Whitney Tilson: look, he’s 4th for a reason. He has little to no personal appeal to me BUT I think he would do a reasonably good job on housing which is my #1 issue. Beyond that, Tilson would probably be fine. NYC deserves far more than fine but fine is also far better than awful.
Michael Blake: he was the only candidate to say that firing Thibs was the right call which tells me he’s not afraid of making hard, even unpopular decisions for the good of the city. That earns him my 5th and final spot ;)
Bottom line: whoever you rank, do not rank Andrew Cuomo. Even putting aside Cuomo’s sordid personal history of sex abuse AND his mishandling of the pandemic AND his criminal coverup of both his sex crimes and covid disaster, he is totally unfit for office.
But also don’t put those aside. They’re legitimately disqualifying!
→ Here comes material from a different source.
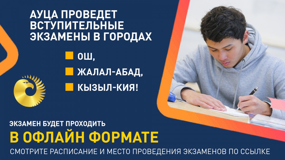 Американский университет в Центральной Азии объявляет о проведении выездных вступительных экзаменов на программу бакалавриат в городах Оше, Жалал-Абаде и Кызыл-Кие.
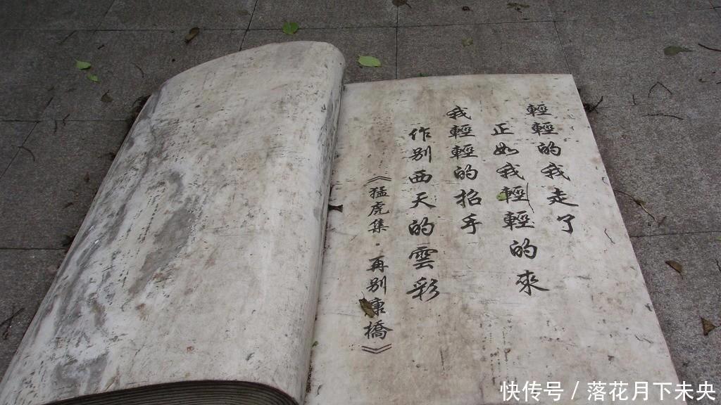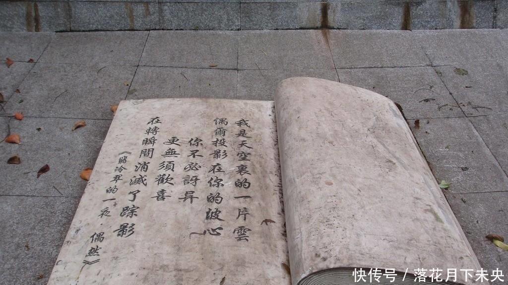 【书本雕刻(左侧)】徐志摩墓的两侧各有一个翻开的书形雕塑,左侧刻有《偶然》,“我是天空里的一片云,偶尔投影在你的波心,你不必讶异,更无须欢喜,在转瞬间消灭了踪迹”;右边为《再别康桥》的诗句,“轻轻的我走了,正如我轻轻的来;我轻轻的招手,作别西天的云彩。”

Cuomo’s #1 claim is that he’s a competent, no-nonsense wrangler of government. But everyone in government hates him and his track record as a people manager and leader is atrocious. As governor, he pushed out all the best civil servants and let feuds get in the way of policy. If elected, Cuomo would use the mayoralty as a vehicle for retribution and animus, not improving the city. He is morally and managerially unfit to run the hugely complex bureaucracy of the city and lacks any ambitious plans for what to do if elected. Do not be fooled: political moderation is not the same thing as pragmatism. He has very little to say substantively on matters of policy, no meaningful plans for the city, and will have very little ability to execute.
I Read
They Asked an A.I. Chatbot Questions. The Answers Sent Them Spiraling. There is a ghost in the machine for those ill or susceptible enough to find it. I’m very receptive to the idea that “social media algos are unaligned AI.” Viewed through that lens, this looks pretty similar to some of the pernicious ratholes people fall down online - but worse.
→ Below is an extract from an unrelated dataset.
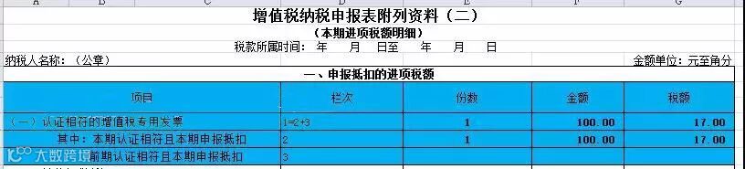 比如:某公司2018年5月5日才收到供应商2018年4月30日开具的增值税专用发票一张,发票金额100,税率17%,税额17。
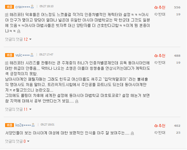 1. [+556, -19] Tôi chắc rằng hầu hết những người hâm mộ Harry Potter đã nhận ra rằng nhà văn khá phân biệt chủng tộc trong sự phát triển nhân vật của cô ấy ㅋㅋㅋ Xem xét dân số châu Á và các quốc gia lớn như thế nào, nó chỉ có một trường học phép thuật ở châu Á và nó ở Nhật Bản ㅋㅋ và rõ rằng các phù thủy châu Á dường như thích thảm hơn chổi ㅋㅋ gì vậy trời ㅋㅋ

Octopus Energy’s software platform is emerging from parent’s shadow. Really cool company that built an operating business in energy to validate a product before spinning out the software. Adjacent to some of the ideas I’ve been writing, thinking, talking about. Just fantastic execution of a super impressive approach.
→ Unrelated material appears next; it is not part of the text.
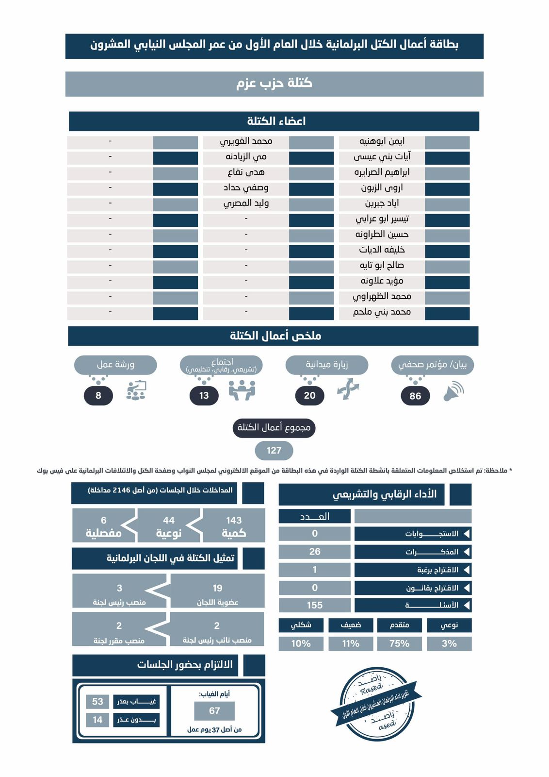 ويهدف راصد من خلال هذا الجزء من التقرير إلى تقديم صورة موضوعية وكمّية عن مدى فاعلية الكتل البرلمانية في ممارسة أدوارها التشريعية والرقابية والتمثيلية، بما يسهم في تعزيز الشفافية والمساءلة وتطوير الأداء البرلماني في الأردن.

Substack in Talks to Raise Financing as It Taps Into the Zeitgeist of Trump II Substack is doing much, much better than I would have thought. $450M of GMV with $45M of revenue. That’s not nothing! I still wish I could just pay them for hosting this rather than worrying they’ll boot me for abusing their generosity but it does feel like a smaller risk if they’re successful. I’ve been writing on substack nearly since the company’s beginning and am rooting for them.